Volvimos de la excursión bastante cansados pero muy contentos de haber elegido esa salida. La verdad, el pasaje ya se había pagado habiendo visto eso.
Una de las cosas que yo más rescato de los viajes son las personas que uno conoce o se cruza durante un viaje, por corto que sea, y por cerca que sea de donde es uno. Esta vez no fue la excepción. En el hotel, de noche había un señor llamado Gary con el cual nos detuvimos a hablar unas cuantas horas, el tipo con una vida repleta de experiencias, no titubeó en compartirlas con nosotros. El flaco era de Ituzaingó, lo echaron del trabajo cuando tenía 50 años y automáticamente quedó excluido del sistema. Se le dio la oportunidad de ir a trabajar a Merlo y viendo que el pibe dominaba el francés y el inglés sabía que no iba a tener dificultades y aparte se iba a sentir útil y activo nuevamente. Yo me ponía a pensar, un tipo que habla 3 idiomas está excluido… me dio un poco de escalofríos, pero entendí que vivimos en Argentina. Gary nos siguió contando muchas anécdotas, pero era evidente que en muchos momentos la había pasado mal ya que todas sus anécdotas tenían un tono lúgubre y tirando a muy pesimista. Igualmente disfrutamos mucho de sus cuentos y charlas.

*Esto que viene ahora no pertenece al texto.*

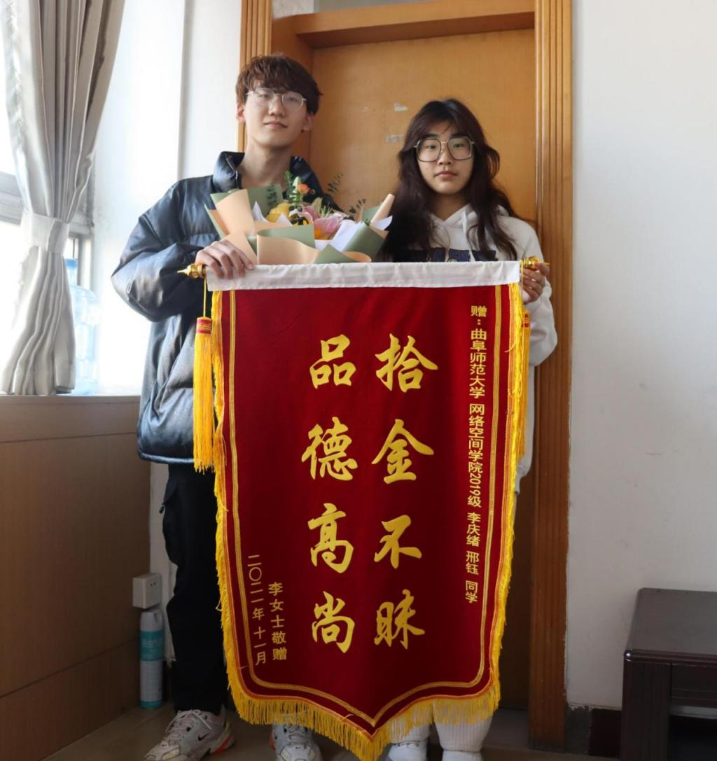 经了解,2021年11月21日晚上,李庆绪和邢钰两位同学在曲阜市蓝海影城附近捡到了苹果手机一部。该手机市场价值九千余元,李庆绪与邢钰捡到手机后,不为钱财所动,第一时间想到的是失主发现手机丢失后的焦急心情,便等待失主返回寻找。最终李女士打来电话,两名同学与失主李女士取得联系,将手机物归原主。就有了上面的一幕,社会人士李女士专程来到乐球直播官网
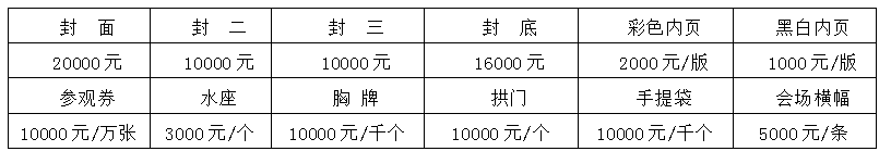 注:標(biāo)準(zhǔn)展位配備:中英文楣板(高度25cm)、日光燈兩盞、隔板(高度250cm,可用高度246cm)、洽談桌一張、椅子兩把、可容300W/220V電源插座一個;使用光地的展商自行負(fù)責(zé)展位布置的所需費用(詳見參展商手冊)。 2.其他廣告: (未備注廣告形式及報價請聯(lián)系:025-86891508)

El último día en Merlo lo utilizamos más que nada para descansar y boludear, teníamos que hacer el check out del hotel a las 10 de la mañana, pero por suerte negociamos con la gente, quedarnos medio día más. Lo bueno de esto es que la flaca que estaba a cargo me dice… si, no tengo problema con que te quedes, pero mirá que nosotros cerramos y acá no queda nadie. Solamente gente trabajando. Para entrar y salir vas a tener que usar “puertas alternativas”. No nos importó y nos quedamos solos en todo el hotel. ¡Increíble!
Como todo último día hicimos muchas compras de boludeces, pero la verdad, es que muchas estaban más que lindas y accesibles, sin que te partan el marulo por algo.
Merlo es una ciudad que tiene mucha atracción por jubilados, o sea, si uno va a buscar joda, desde ya que no es el lugar. Merlo de por sí solo tampoco vale la pena, pero hacer excursiones le agregan mucho valor y hace que sea un destino como para hacer base y luego de ahí hacer las excursiones tomándose el tiempo que uno quiera. Merlo también sin lugar a dudas es la capital del descanso, va todo muy lento y aparte, el horario de los negocios es tan acotado que no te queda otra que dormir.